Natural variation in the prolyl 4-hydroxylase gene PtoP4H9 contributes to perennial stem growth in Populus.

机构信息

School of Landscape Architecture, Beijing University of Agriculture, Beijing 102206,China.

National Engineering Research Center of Tree Breeding and Ecological Restoration, College of Biological Sciences and Technology, Beijing Forestry University, Beijing 100083,China.

出版信息

Plant Cell. 2023 Oct 30;35(11):4046-4065. doi: 10.1093/plcell/koad212.

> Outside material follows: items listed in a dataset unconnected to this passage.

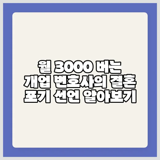 월 3000만 원 버는 개업 변호사가 결혼 포기를 선언하는 이유는 무엇인가요?
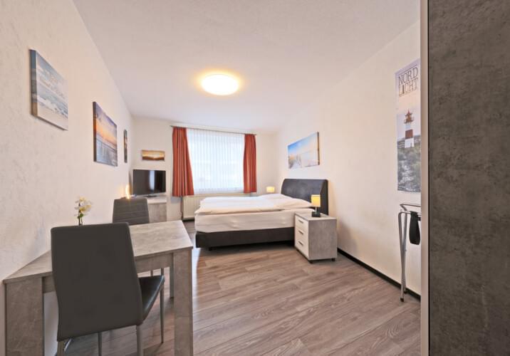 Gemütliches Apartment als Doppelzimmer mit Küche, Dusche/WC, Flachbildfernseher, Telefon, Sitzgelegenheit mit Tisch, Schreibtisch
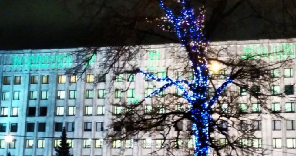 Здание Минобороны украсили светящейся надписью «вежливые люди»

DOI:10.1093/plcell/koad212
PMID:37522322
原文链接:https://pmc.ncbi.nlm.nih.gov/articles/PMC10615208/
Abstract

Perennial trees must maintain stem growth throughout their entire lifespan to progressively increase in size as they age. The overarching question of the molecular mechanisms that govern stem perennial growth in trees remains largely unanswered. Here we deciphered the genetic architecture that underlies perennial growth trajectories using genome-wide association studies (GWAS) for measures of growth traits across years in a natural population of Populus tomentosa. By analyzing the stem growth trajectory, we identified PtoP4H9, encoding prolyl 4-hydroxylase 9, which is responsible for the natural variation in the growth rate of diameter at breast height (DBH) across years. Quantifying the dynamic genetic contribution of PtoP4H9 loci to stem growth showed that PtoP4H9 played a pivotal role in stem growth regulation. Spatiotemporal expression analysis showed that PtoP4H9 was highly expressed in cambium tissues of poplars of various ages. Overexpression and knockdown of PtoP4H9 revealed that it altered cell expansion to regulate cell wall modification and mechanical characteristics, thereby promoting stem growth in Populus. We showed that natural variation in PtoP4H9 occurred in a BASIC PENTACYSTEINE transcription factor PtoBPC1-binding promoter element controlling PtoP4H9 expression. The geographic distribution of PtoP4H9 allelic variation was consistent with the modes of selection among populations. Altogether, our study provides important genetic insights into dynamic stem growth in Populus, and we confirmed PtoP4H9 as a potential useful marker for breeding or genetic engineering of poplars.

摘要

多年生树木必须在其整个生命周期内维持茎的生长,以随着年龄的增长逐渐增加大小。控制树木茎多年生生长的分子机制的首要问题在很大程度上尚未得到解答。在这里,我们使用全基因组关联研究(GWAS)来解析与毛白杨自然种群多年生长性状相关的遗传结构。通过分析茎的生长轨迹,我们鉴定了编码脯氨酰 4-羟化酶 9(PtoP4H9)的基因,该基因负责胸径(DBH)多年生长速率的自然变异。定量分析 PtoP4H9 基因座对茎生长的动态遗传贡献表明,PtoP4H9 在杨树各年龄段形成层组织中高度表达。PtoP4H9 的时空表达分析表明,它在不同年龄的杨树形成层组织中高表达。过表达和敲低 PtoP4H9 表明,它改变了细胞的扩张,以调节细胞壁的修饰和机械特性,从而促进了杨树的茎生长。我们表明,PtoP4H9 的自然变异发生在 BASIC PENTACYSTEINE 转录因子 PtoBPC1 结合的启动子元件中,该元件控制 PtoP4H9 的表达。PtoP4H9 等位基因变异的地理分布与种群间选择模式一致。总的来说,我们的研究为毛白杨的动态茎生长提供了重要的遗传见解,并证实了 PtoP4H9 作为杨树遗传改良或基因工程的潜在有用标记。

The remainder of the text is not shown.